L’essenza del nemico e il fine della guerra

di Alessandro D’Ascanio*

I dilemmi etici, il senso di angoscia e le analisi impressionistiche di queste lunghe settimane di ritorno alla realtà bellica sul suolo europeo riportano alla memoria riferimenti, letture e chiavi interpretative che, dallo specifico del contesto ucraino, si allargano al tema primordiale della guerra, della sua origine e del suo significato per la fondazione concettuale della politica internazionale, in particolare rispetto al tema del nemico, della sua natura e del modus agendi nei suoi confronti.
Al netto della palmare concatenazione causale immediata degli eventi, del dibattito lunare sulla responsabilità fattuale della conflagrazione, dell’imprescindibile sostegno militare europeo all’Ucraina in prima risposta all’offensiva russa, del carattere provocatorio e clownesco di un “filoputinismo” deteriore e acritico che persiste sottotraccia in ambienti variegati dello spettro politico italiano, resta il tema, ineludibile, dell’essenza del nemico e del fine della guerra.
In altre parole, il “male russo” deriva dall’irredimibile perversione individuale di Putin o dalla scaltra faccia tosta di Lavrov?
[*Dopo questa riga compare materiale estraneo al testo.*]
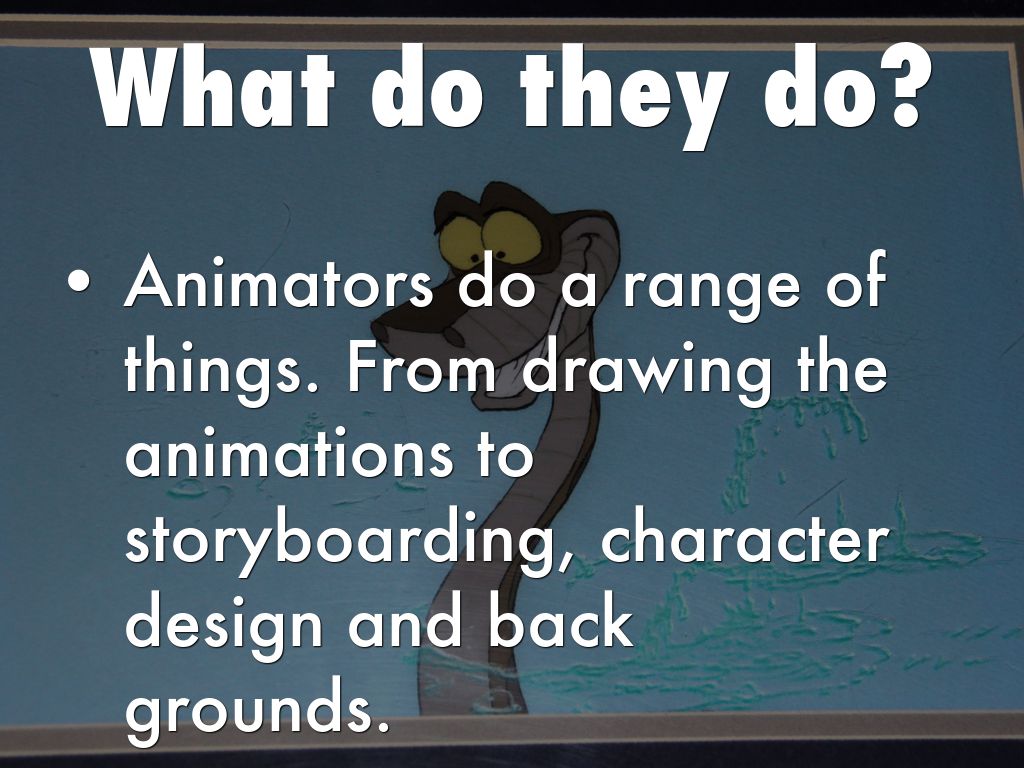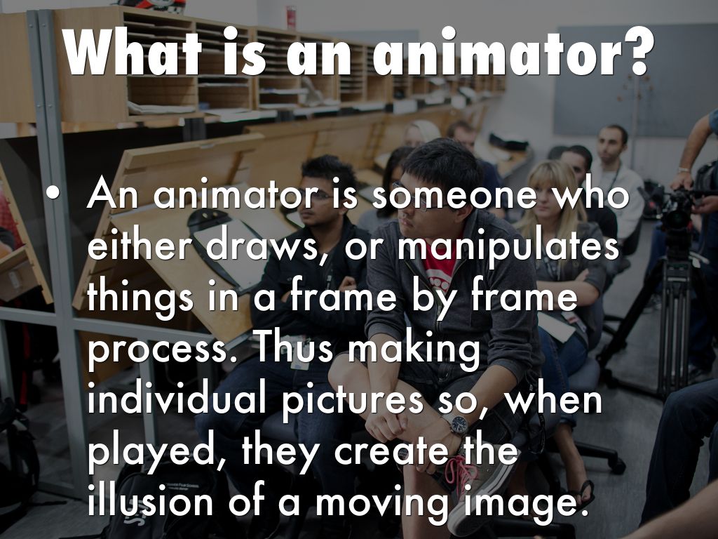 An animator is someone who either draws, or manipulates things in a frame by frame process. Thus making individual pictures so, when played, they create the illusion of a moving image.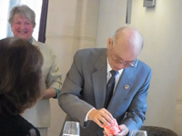 きたろうさんのバッジは、昨年イギリスのセリアさんを訪ねた際に、いただいたものとのこと。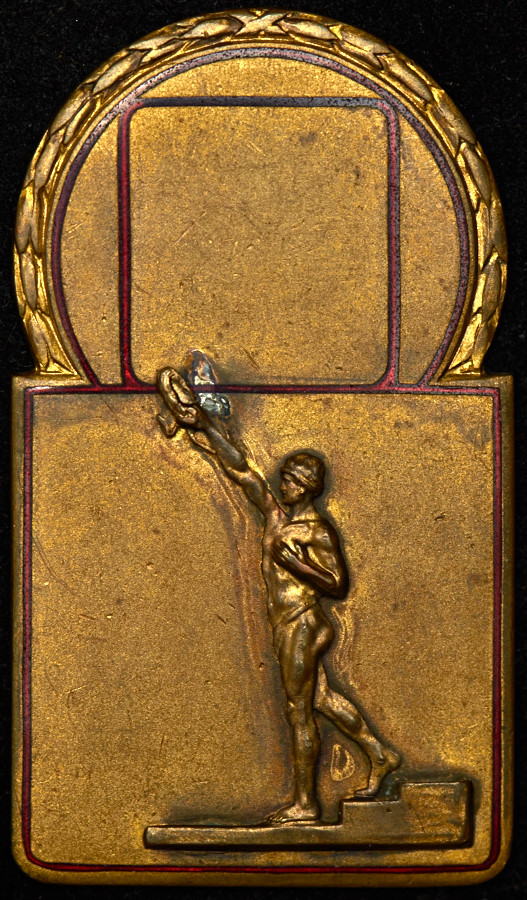Размер 65х35 мм.Бронза, эмаль красного цвета. 1930-е годы.

Oppure dal carattere autocratico della “democratura” consolidatasi negli anni a Mosca? O ancora dalla conformazione del sistema internazionale nel quadrante est europeo denso di nodi non sciolti a partire dal post-1989?
E il fine di questa guerra è la difesa del diritto all’indipendenza dell’Ucraina? O, viceversa, il cambio di regime politico in Russia? O un mutamento dei rapporti di forza internazionali su scala globale?
Ed è possibile ragionare su tali distinzioni senza essere tacciati di lesa maestà dell’Occidente?
Una disamina datata, ma affascinante per la linearità dello spettro delle sue argomentazioni, resta quella di Kennet Waltz, L’uomo, lo Stato e la Guerra, volume pubblicato nel 1959 in pieno tempo di guerra fredda (trad. it. Giuffrè, 1998) che, attraverso l’espediente argomentativo delle “tre immagini” della politica internazionale (individuale, statuale, del sistema internazionale), presenta al lettore una rassegna di posizioni emerse nella storia del pensiero politico sull’origine della guerra.
E’ chiaro come, ad esempio nell’affermazione estemporanea, ma sincera di Biden in visita alle truppe al fronte (nell’inscenare un rituale tipico della potenza in guerra peraltro) nella quale egli dichiara l’impossibilità di far “restare al governo quest’uomo” emerge il riflesso condizionato di una posizione antica della retorica democratica per la quale popoli buoni sono traviati da leader diabolici la cui rimozione comporterebbe un immediato riallineamanento pacifico delle parti in lotta.
Ma non torneremmo allora all’esportazione violenta della democrazia? E il “gigante sofferente” russo, certo messo a nudo in tutti i propri limiti militari e di tenuta economica da questa sua drammatica sortita bellica, certo stordito e violento nella sua transizione dí status internazionale sarebbe oggettivamente limitabile al ruolo di “potenza regionale” a cavallo tra Europa ed Asia contenuto da una schiera armata dalla Scandinavia alla Turchia in funzione di minaccia deterrente e schiacciato nella sfera d’influenza del nuovo dominus asiatico cinese?
In altre, forse semplicistiche, parole, la Russia sarebbe riducibile sic et simpliciter a paese sconfitto? In barba agli esiti del secondo conflitto mondiale, della storia complessa e contraddittoria del modello sovietico nel corso del Novecento, della travagliata ricostruzione di un’identità russa dopo il crollo dell’Urss?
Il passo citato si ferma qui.